Le PW1500G qui équipe la famille A220. / Image: Pratt & Whitney

Le deuxième problème du programme c’est son rachat par Airbus. Initialement Bombardier ne prétendait pas concurrencer directement les 737MAX et A320NEO avec le CSeries. Cependant il y avait un projet d’une version CS500 qui elle aurait en tout point égalisé la capacité d’emport et les performances des best-sellers d’Airbus et Boeing. Vous le comprenez, si Airbus commercialise un tel avion, il risque de cannibaliser l’A320NEO. Même si aujourd’hui il n’y a aucune certitudes sur le fait que l’A220-500 verra ou ne verra pas le jour, permettez-moi de fortement douter que l’on verra un tel avion voler.

Conclusion

Avant de devenir l’A220, le CSeries avait un grand avenir devant lui. Malheureusement Bombardier n’a pas eu les épaules pour soutenir le projet dans le long-terme. Or c’est justement dans le long-terme que le CSeries, sous sa version CS500, aurait pu compétiter avec l’A320NEO et le 737MAX. Avec le rachat du CSeries par Airbus, voir une telle version voler n’est plus certain. Airbus ne prendra pas le risque de cannibaliser l’un de ses produits. L’avion est sur un marché ultra-spécifique, moderne, économe en carburant et proposé à un prix avantageux. Pour les compagnies aériennes c’est une aubaine.

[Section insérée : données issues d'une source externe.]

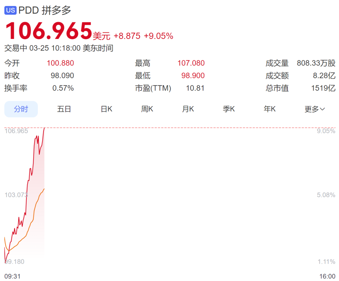 中国金龙指数上涨1.6%,其中宝尊电商大涨16.10%,拼多多涨超9%,虎牙涨近7%,京东、唯品会涨超5%, 世纪互联涨超4%。
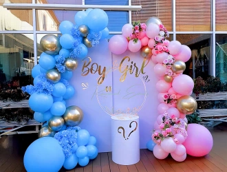 • Arch of 250 balloons (Pastel blue, Pastel Pink and Gold chrome)

L’avion avait un futur prometteur mais il a été vite freiné par le manque de commandes et de finances. Si le rachat par Airbus sauve les versions actuelles, il est très peu probable de voir ce programme se développer au maximum de son potentiel. L’A220 est donc en effet un game-changer, mais peut-être pas autant que l’on aurait aimé qu’il le soit.